Video 1^st Prize. Soap film colors resulting from interference of reflected light beams: some incident light reflects off the top surface while the remaining light travels to the back of the film and is reflected. Color variations are produced as the thickness of the film varies across the field. Bright-field light microscopy. Image by Gerd Günther, independent microscopist, Düsseldorf, Germany.

Video 2^nd Prize. Damselfly larva (nymph) during the hunt showing the operation of a special organ, called a mask, used for capturing and eating prey (ceriodaphnia). For this video the larva was placed on glass, and the ceriodaphnia was added prior to imaging by dark-field light microscopy. Image by Andrei Savitsky, independent microscopist, Cherkasy, Ukraine.

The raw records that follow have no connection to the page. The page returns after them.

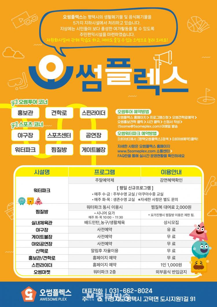 ÆòÅÿ¡ÄÚ¼¾ÅÍ ³» ÁÖ¹ÎÆíÀͽü³ ¿À½æÇ÷º½º´Â »ýȰÆó±â¹°Ã³¸® ½Ã¼³À» ÁöÇÏ¿¡ ¼³Ä¡Çϰí, Áö»ó¿¡´Â ¿µÇâ Áö¿ª Áֹΰú ÆòÅýùÎÀÌ ÀÌ¿ëÇÒ ¼ö ÀÖµµ·Ï ģȯ°æ °ø¿ø°ú ´Ù¾çÇÑ Ã¼À°½Ã¼³À» °®Ãß°í ÀÖ´Ù.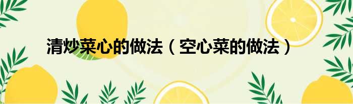 大家好,今天小六子来为大家解答以下的问题,关于清炒菜心的做法,空心菜的做法这个很多人还不知道,现在让我们一起来看看吧!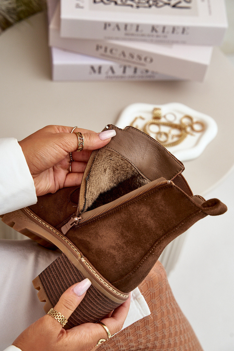 Dámské Zateplené Botky Na Podpatku Eko Semišové Hnědé model 21669094 - Boto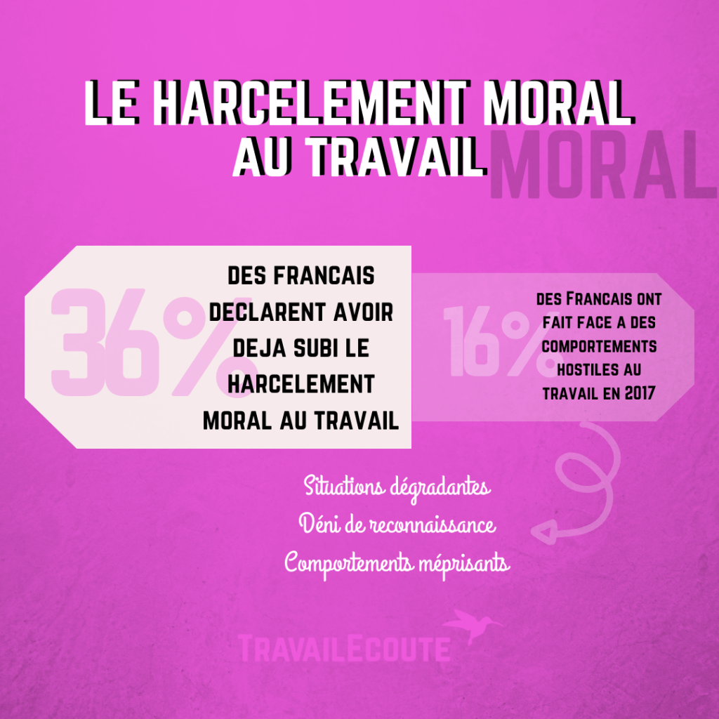 36% des français, à ce jour, déclarent avoir déjà subi le harcèlement moral au travail (source : Parlons Travail – CFDT). Et, en 2017, sans pour autant se sentir harcelés, 16% des français confient avoir fait face à des comportements « hostiles », et ce, de manière systématique (source : Enquête SUMER 2017).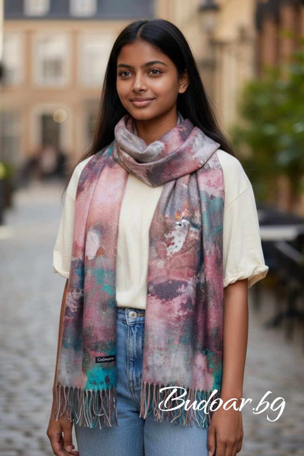 Красив цветен шал изработен от фин кашмир.Подходящ за есенно-зимния сезон.Размер 75/180 см.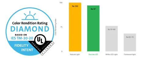 SunLike 在UL色彩保真度评级中被评为最高品质钻石,可提供最接近自然光的最高品质光线。
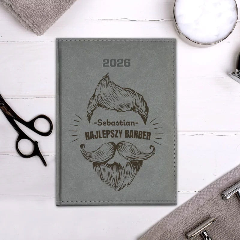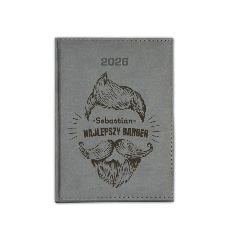 Na eleganckiej okładce dostępnej w 5 różnych kolorach widnieje personalizowany napis: (imię właściciela) – Najlepszy Barber, uzupełniony o oryginalną grafikę przedstawiającą fryzurę, wąsy i brodę – czyli nieodłączne symbole profesjonalnego barbera. Ten kalendarz nie tylko pomaga w organizacji dnia, ale również świetnie podkreśla charakter i pasję swojego właściciela.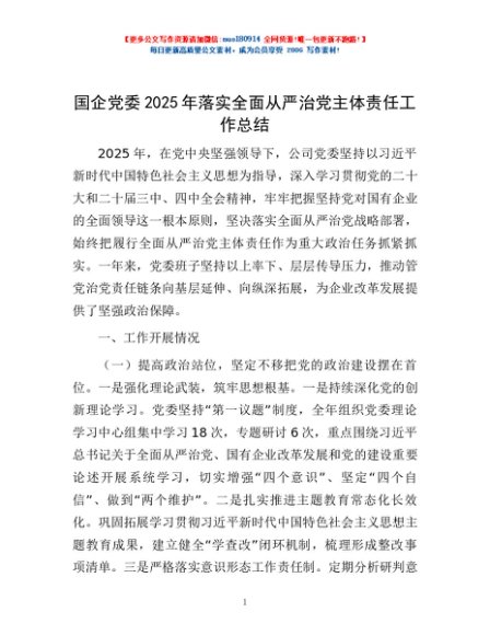 / 国企党委2025年落实全面从严治党主体责任工作总结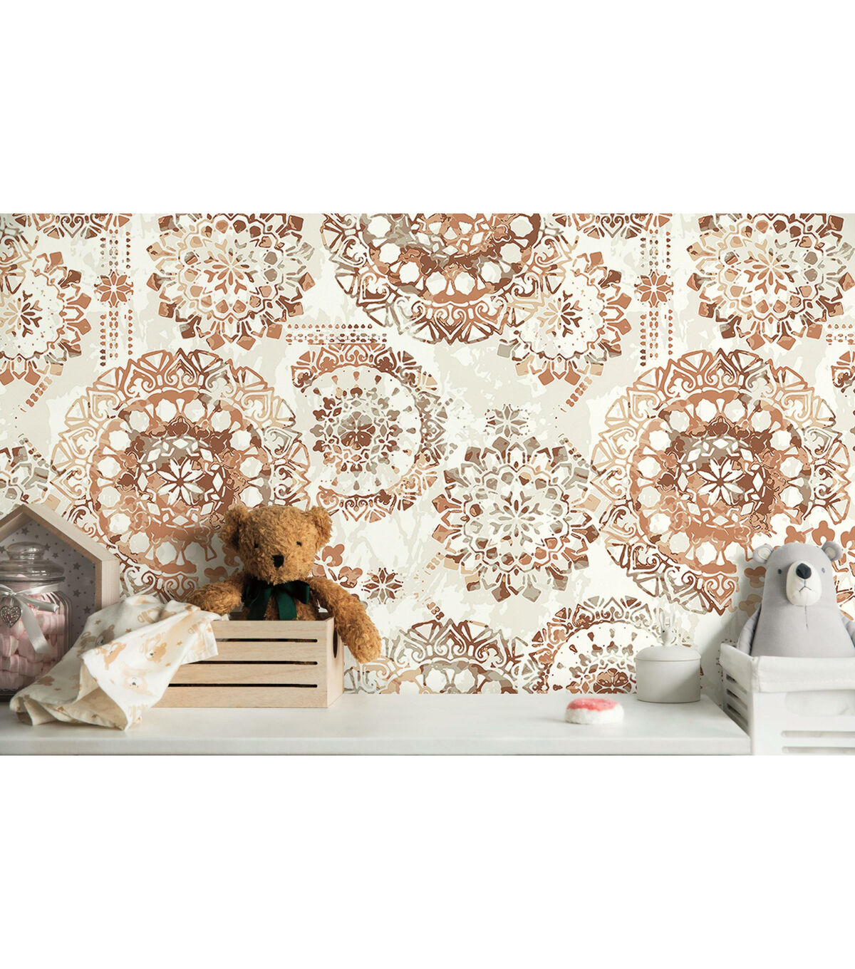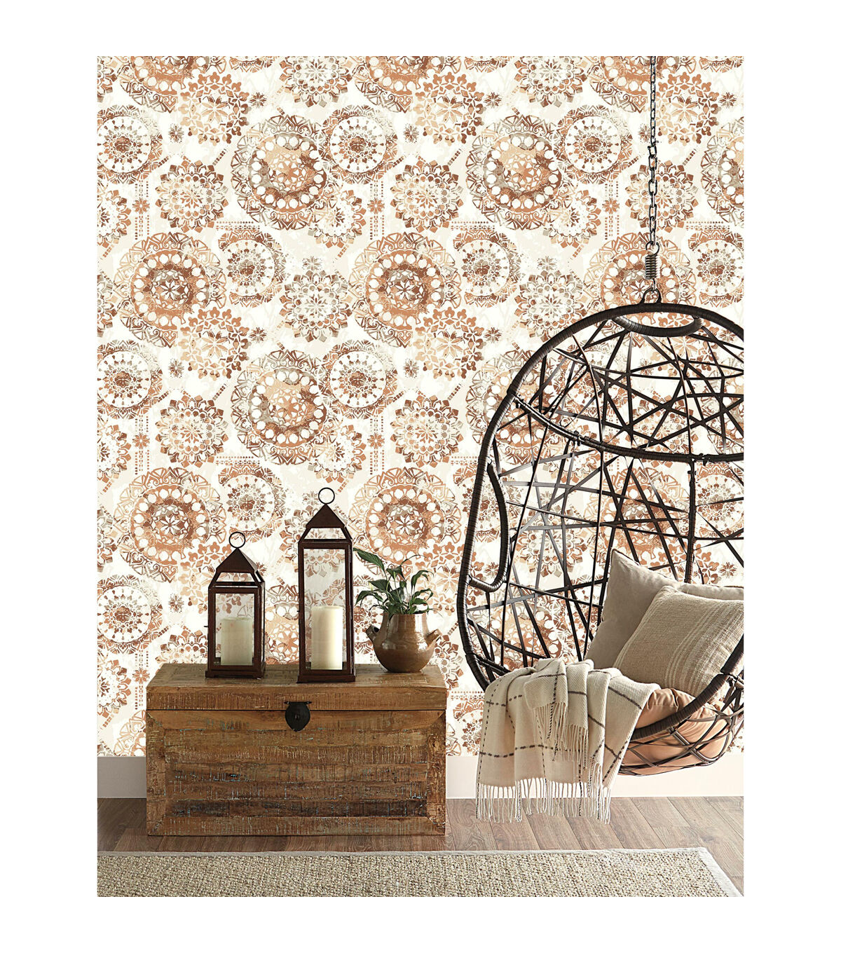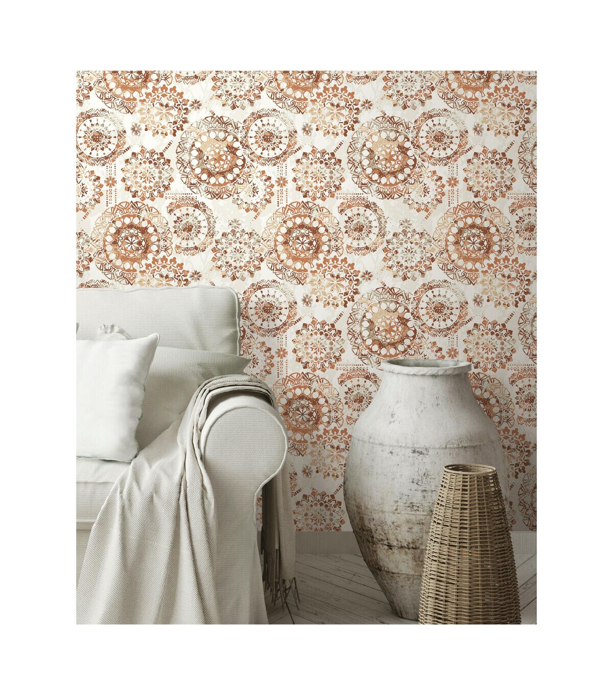Sophisticated and chic, add instant flair to any space or decor with Orange Bohemian Peel and Stick Wall Decor. From walls to DIY crafts, splash this modern bohemian pattern on any clean flat surface in minutes. Install with two easy steps - just peel and stick! Plus, it's removable making it the ultimate temporary decorating solution. Completely safe for walls, Peel and Stick Decor leaves surfaces free of sticky residue. Fast, fun and affordable! 20.5 inches x 16.5 feet 20.5 Repeat. Straight Match. 28.18 square feet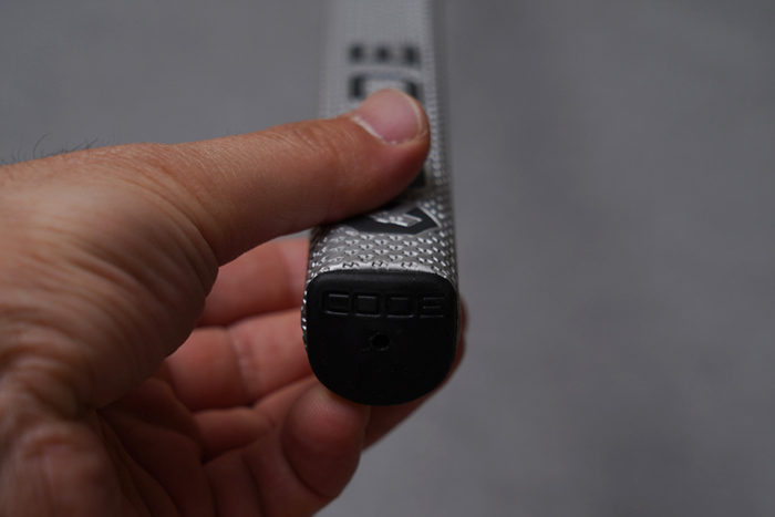 상단 부분은 납작하고, 하단은 동그랗게 설계된 두툼한 그립이 기본 장착되어있다.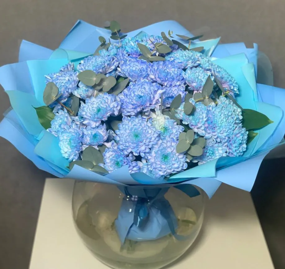 Букет из синих кустовых хризантем – это уникальное и стильное решение для создания уютной атмосферы в любом интерьере. Эти яркие цветы символизируют дружбу, верность и тепло, что делает их идеальными для подарка близким и друзьям. Синие хризантемы радуют глаз своей насыщенной окраской и пышными соцветиями.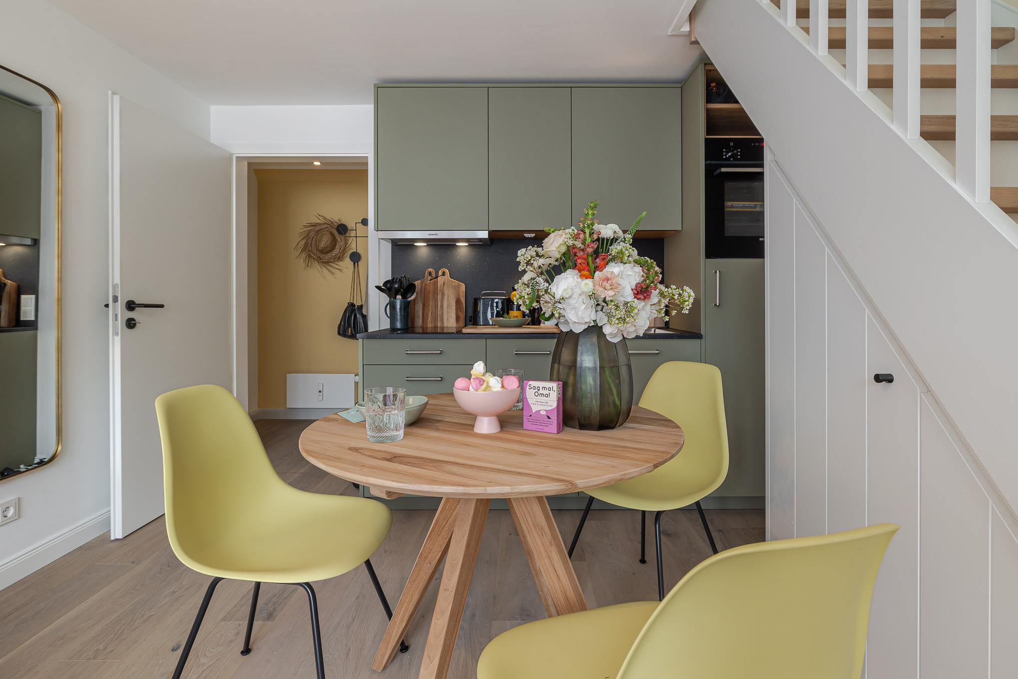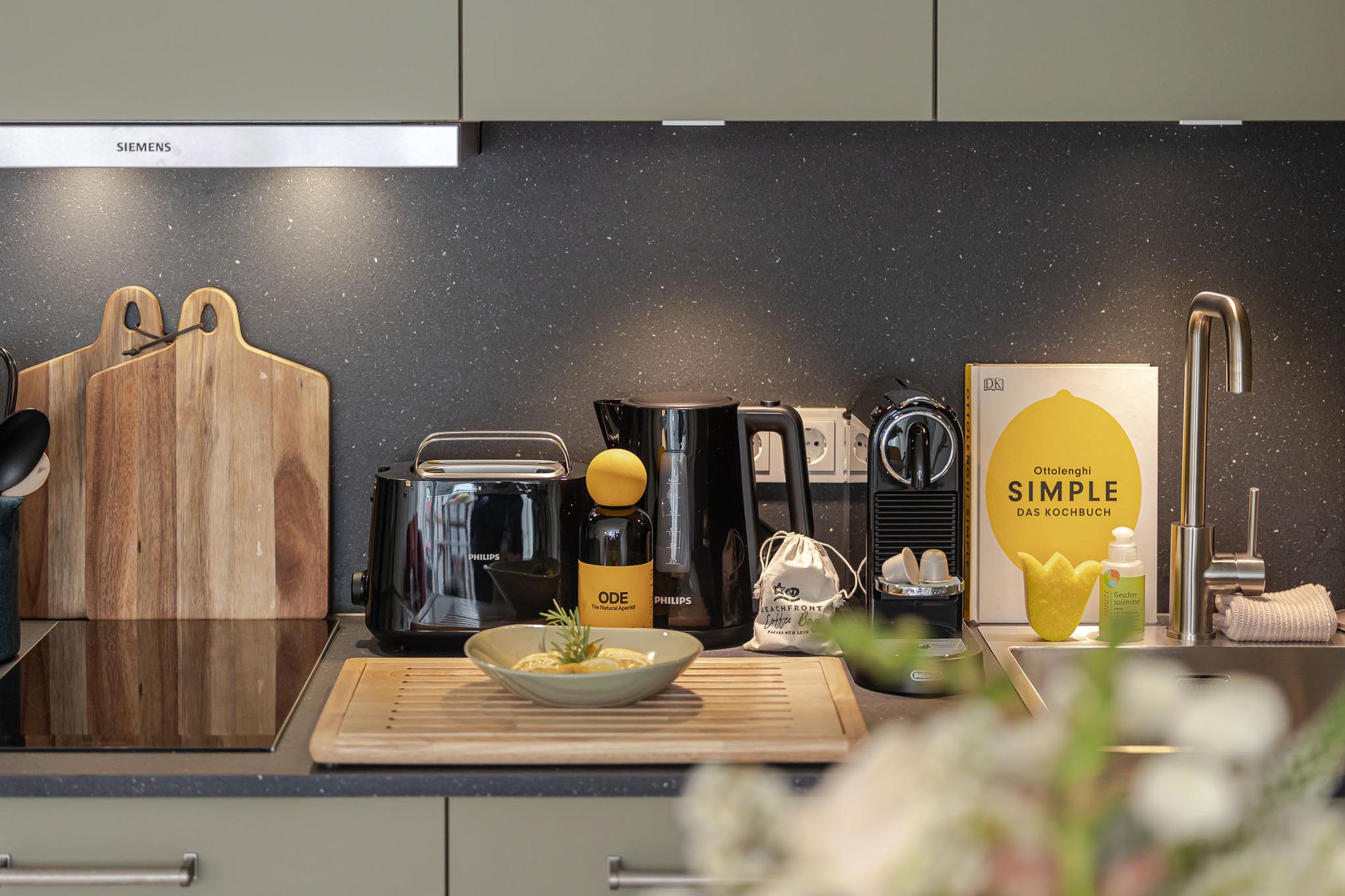 Schon beim Ankommen spüren Sie die besondere Atmosphäre: hohe, helle Räume, edles Sylter Eichenparkett und eine moderne, harmonisch abgestimmte Einrichtung sorgen für einen rundum entspannten Start in den Urlaub. Der Wohn- und Essbereich lädt zum Lesen, Entspannen oder gemütlichen Zusammensitzen ein. Das bequeme Sofa lässt sich bei Bedarf in eine komfortable zusätzliche Schlafgelegenheit verwandeln. Die offene Küche ist hochwertig ausgestattet und mit Markengeräten von Siemens bestückt. Hier finden Sie alles, was Sie für Frühstück, kleine Gerichte oder ein entspanntes Abendessen benötigen.
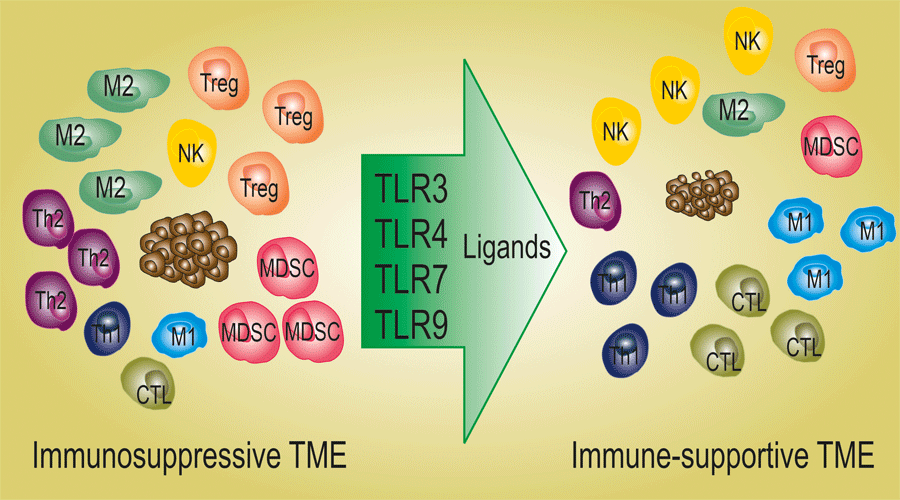 In this paper, we will review the application of the four most widely studied TLR agonists including agonists of TLR3, 4, 7, and 9 in cancer immunotherapy.

Video 3^rd Prize. Video shows a ciliate (Nassula sp.) dying. If local conditions become unfavorable (for example, too dry, high osmotic pressure, bad chemicals in water), the single-cell ciliate stops moving around, and the cell eventually bursts and expels everything it has eaten as well as its own organelles. Bright-field light microscopy. Image by Julia Van Etten, Rutgers University, New Brunswick, NJ.

People’s Choice Award

People's Choice Award. Aloe vera leaf imaged with a halogen lamp exciting fluorescence of internal aspects, especially chlorophyll that fluoresces in red. Leaf was cut with a knife to a thickness of 5 mm and imaged directly. Z-stack acquisition of 51 slides in a wide-field fluorescence microscope. Image by Jose Martinez-Lopez, Química Tech Microscopy and Microanalysis, Juarez, Mexico.

Special Honors

Special Award for TEM. Cytoskeletal microarchitecture in Zosterograptus sp. showing microtubules used for feeding. The cytopharyngeal feeding basket (left) is a circular arrangement of wedge-shaped nematodesmata composed of about 25,000 hexagonally packed microtubules (right). Cross section imaged by TEM at Georgetown University. Image by Andrea Brothers, A.B. Brothers Microscopy, Manassas, VA.